Wrong question. Do you mean ethanol made from irrigated corn grown with heavy fertilization and lots of herbicides and pesticides, trucked to a plant that uses coal to distill the beer and to dry the leftover distillers dried grain so it won’t spoil on the way to the cows that eat it? Not very green; you’re not doing the planet much of a favor using it, but you are subsidizing it 50c per gallon. Or did you mean ethanol from low-input corn, brewed up in a plant that sends wet DDG to a feedlot next door and turns the cow poops into methane that runs the plant? That one, about to hit the ground in Nebraska where I just spent the week hanging out with academics and farmers in the corn and ethanol business, will get the same 50c, but it’s a lot better for the planet than gasoline. (You have to like feedlots, which many do not, to feel good about this one.) Both kinds are nice for corn farmers, Cargill, and Archer Daniels Midland, of course.

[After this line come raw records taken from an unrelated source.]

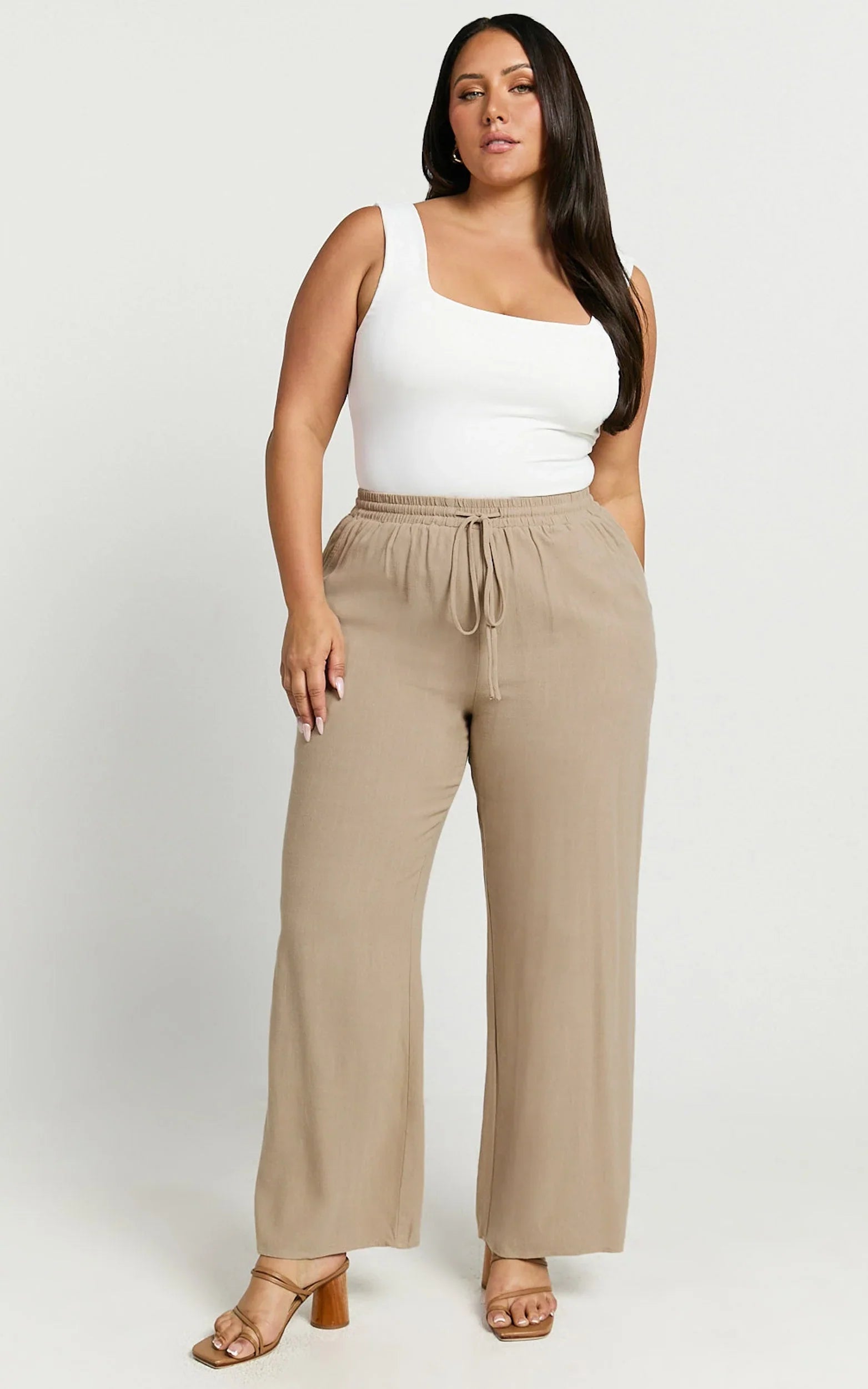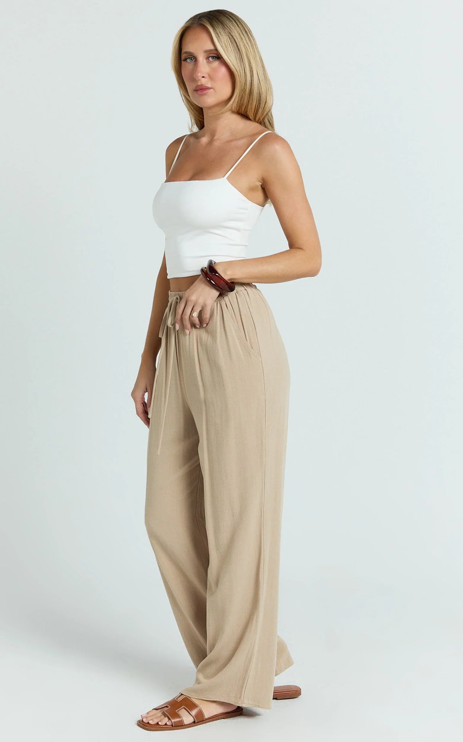 Designed with a mid-waist fit in a relaxed sand tone, these pants are perfect for mastering that minimalist look everyone's loving. Their elasticated waistband offers ease and a flattering shape, ready to take you comfortably from casual street-style strolls straight to brunch dates.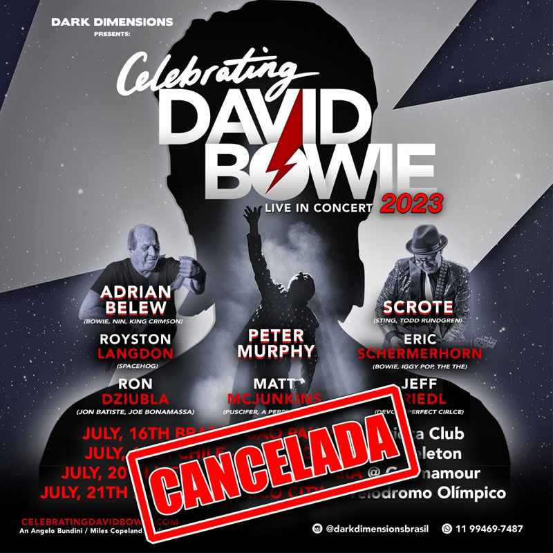 A turnê sul-americana “Celebrating David Bowie (Live In Concert 2023)” de Peter Murphy, lendário líder do Bauhaus e considerado um dos precursores do rock gótico, na qual ele celebraria a vida e a obra de David Bowie ao lado de grandes músicos, foi infelizmente cancelada.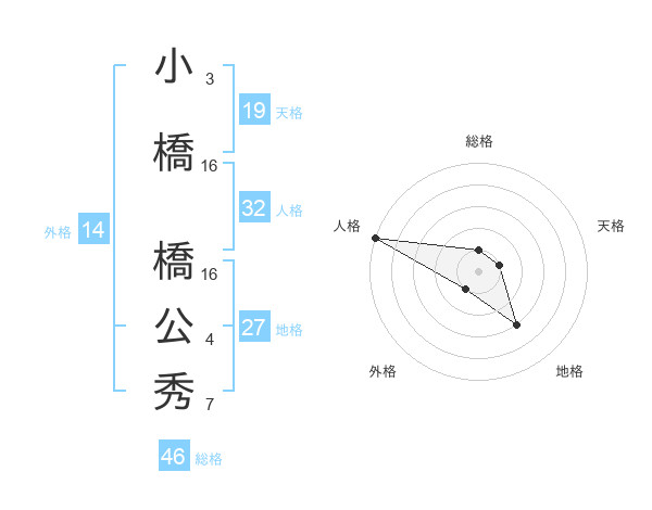 小橋 橋公秀さんを姓名の画数から五運を鑑定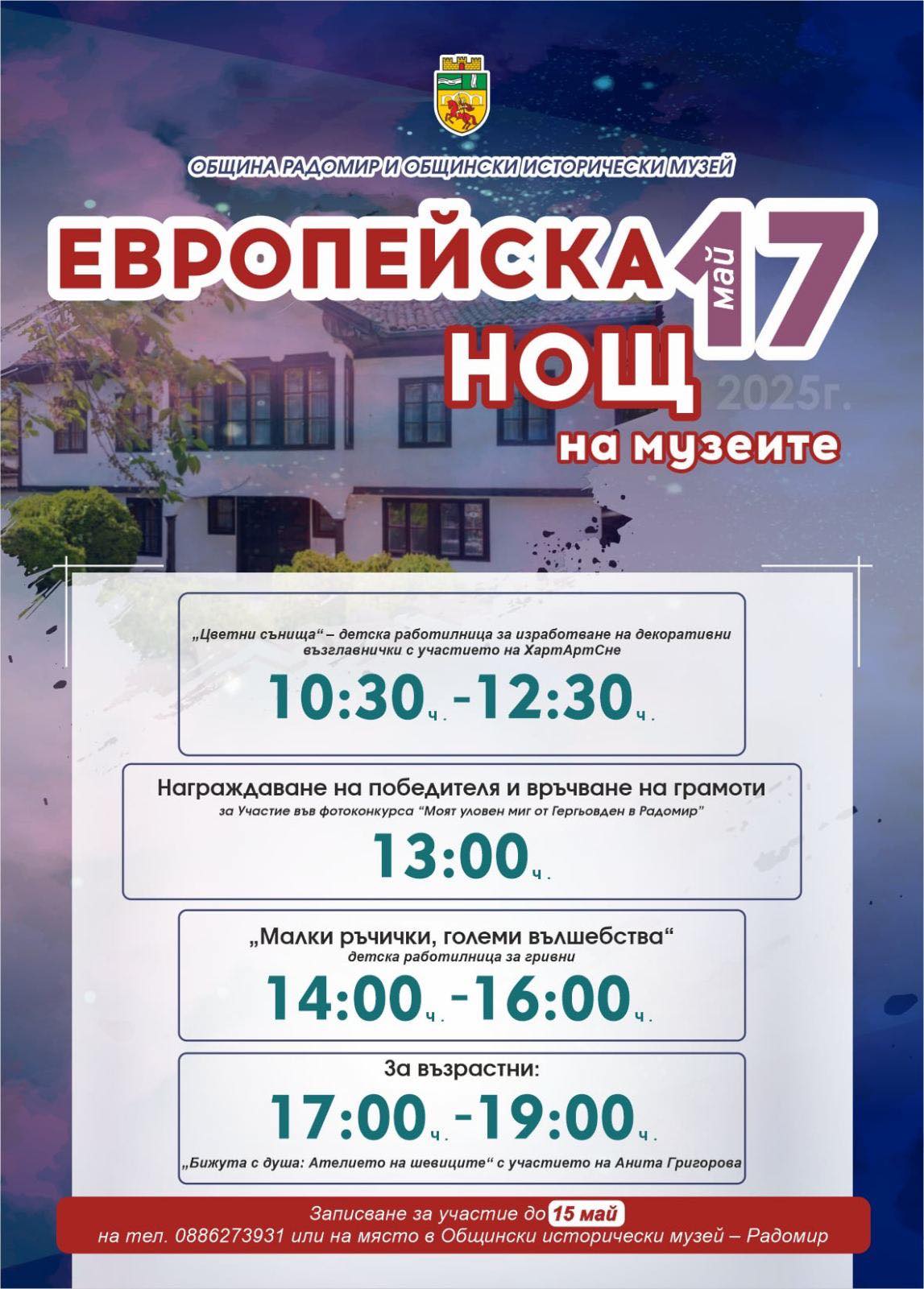 Записването е до 15 май на тел. 0886 273 931 или на място в Общинския исторически музей – Радомир.

Software promised for delivery in six months used to be called “vaporware” in the computer business. Several kinds of vaporol are in the air. One is ethanol from cellulose (grass, wood chips, almost any plant material), which requires another chemical processing step to break the cellulose into pieces yeast considers bite size, but can use whole plants, including varieties that make more sense in many places than corn. Another is butanol, an alcohol that can be transported in pipelines and has more energy per pound than ethanol. Both are between the gleam in the eye stage and real economic products. Going the other way, for simplicity, sugarcane and sweet sorghum produce buckets of sugar water, just what yeast likes, in one mechanical step, and the stalks can be burned or put through a cellulose process. But all of these, like corn, are more complicated than they appear environmentally even though they look like good research and development bets. Sugarcane is actually more of a political than a scientific or engineering issue, having to do with price supports that are Congress’ gift to a few really rich Republicans in Florida (and the corn folks, who sell lots of high-fructose corn syrup that would never survive in a free market against sugar), and import restrictions that forbid the Brazilians to send us cane ethanol at a price that would make us all happy.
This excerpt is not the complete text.